**Dataset content:**

====

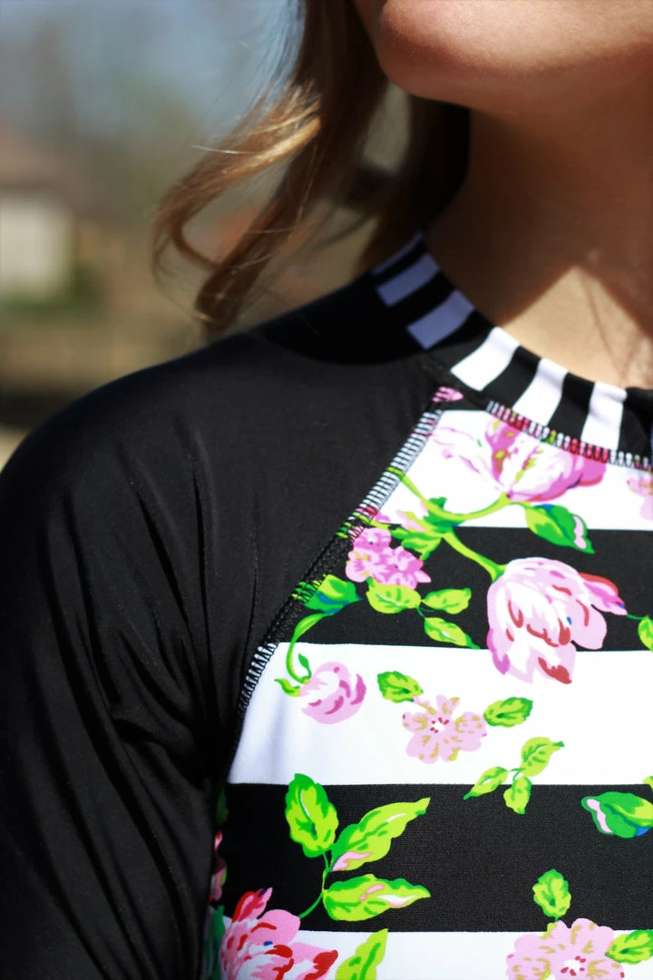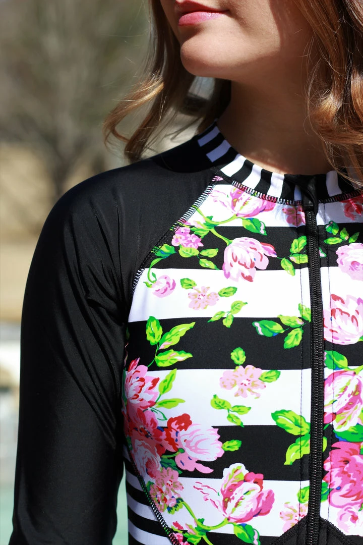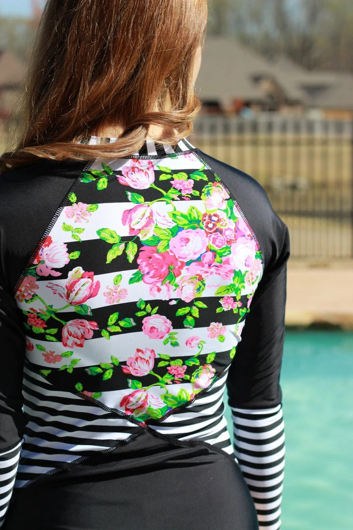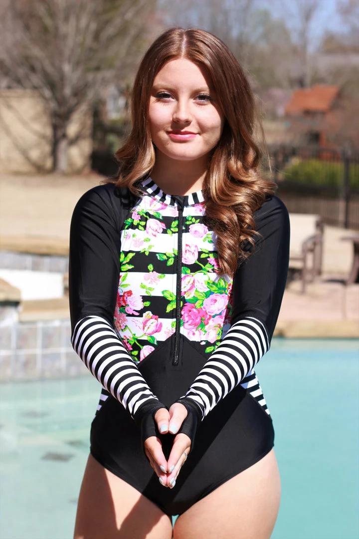 It’s unique, its gorgeous, and its amazingly flattering and comfortable! Stand out this year at the pool, beach or wherever your vacation might take you with this gorgeous Floral and Striped Long Sleeve Swimsuit!
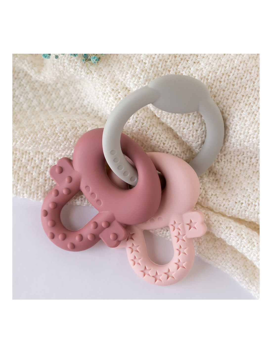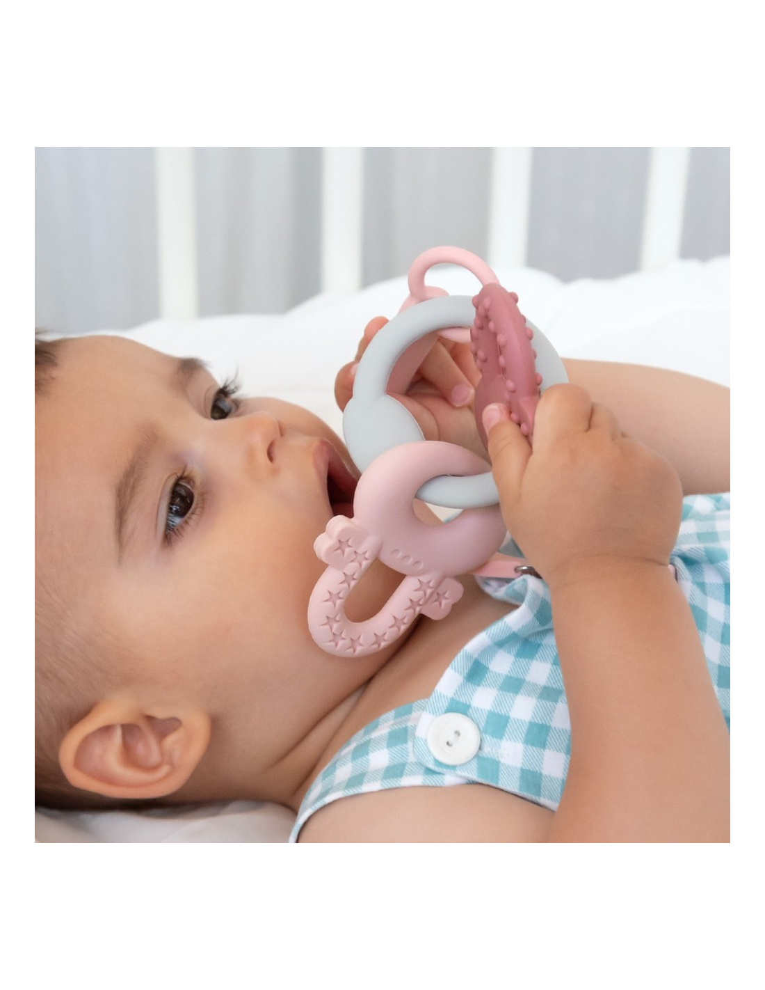• Alivio eficaz durante la dentición: Las texturas variadas del mordedor proporcionan un suave masaje a las encías, ayudando a aliviar las molestias.
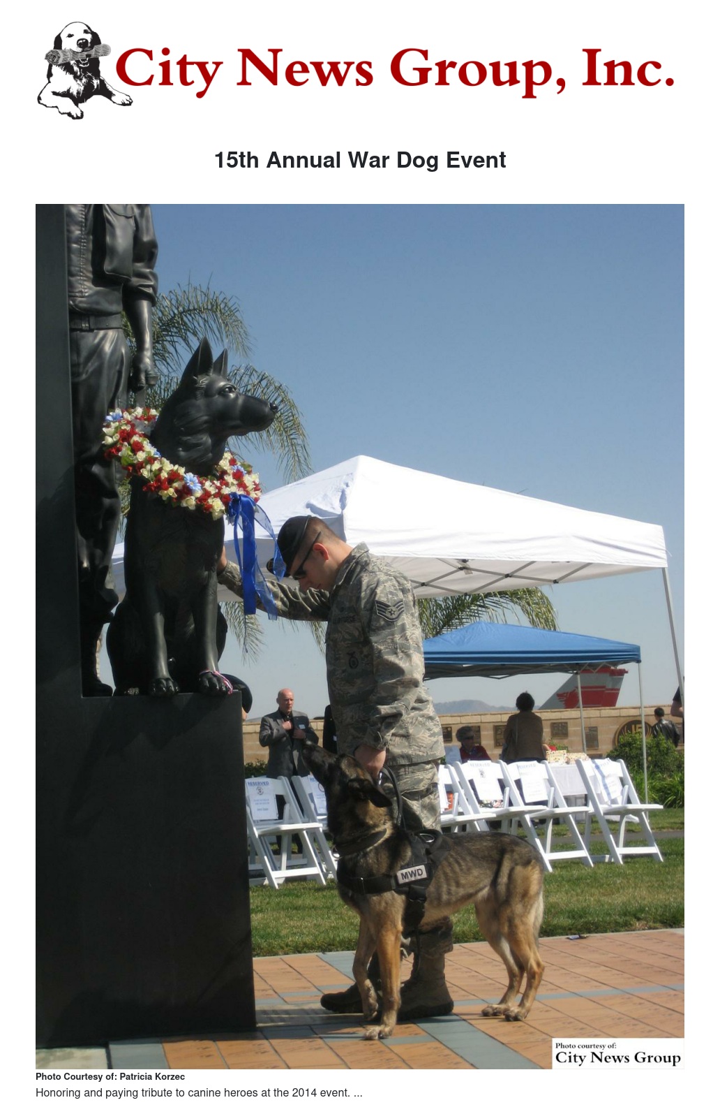 The event is free to the public and will take place in front of the West Coast National War Dog Memorial in the courtyard of the March Field Air Museum.

====

**Exercise requirements:** Reproduce all of the material above word for word. Omit the pictures.

**Task output:**
 It’s unique, its gorgeous, and its amazingly flattering and comfortable! Stand out this year at the pool, beach or wherever your vacation might take you with this gorgeous Floral and Striped Long Sleeve Swimsuit!
• Alivio eficaz durante la dentición: Las texturas variadas del mordedor proporcionan un suave masaje a las encías, ayudando a aliviar las molestias.
 The event is free to the public and will take place in front of the West Coast National War Dog Memorial in the courtyard of the March Field Air Museum.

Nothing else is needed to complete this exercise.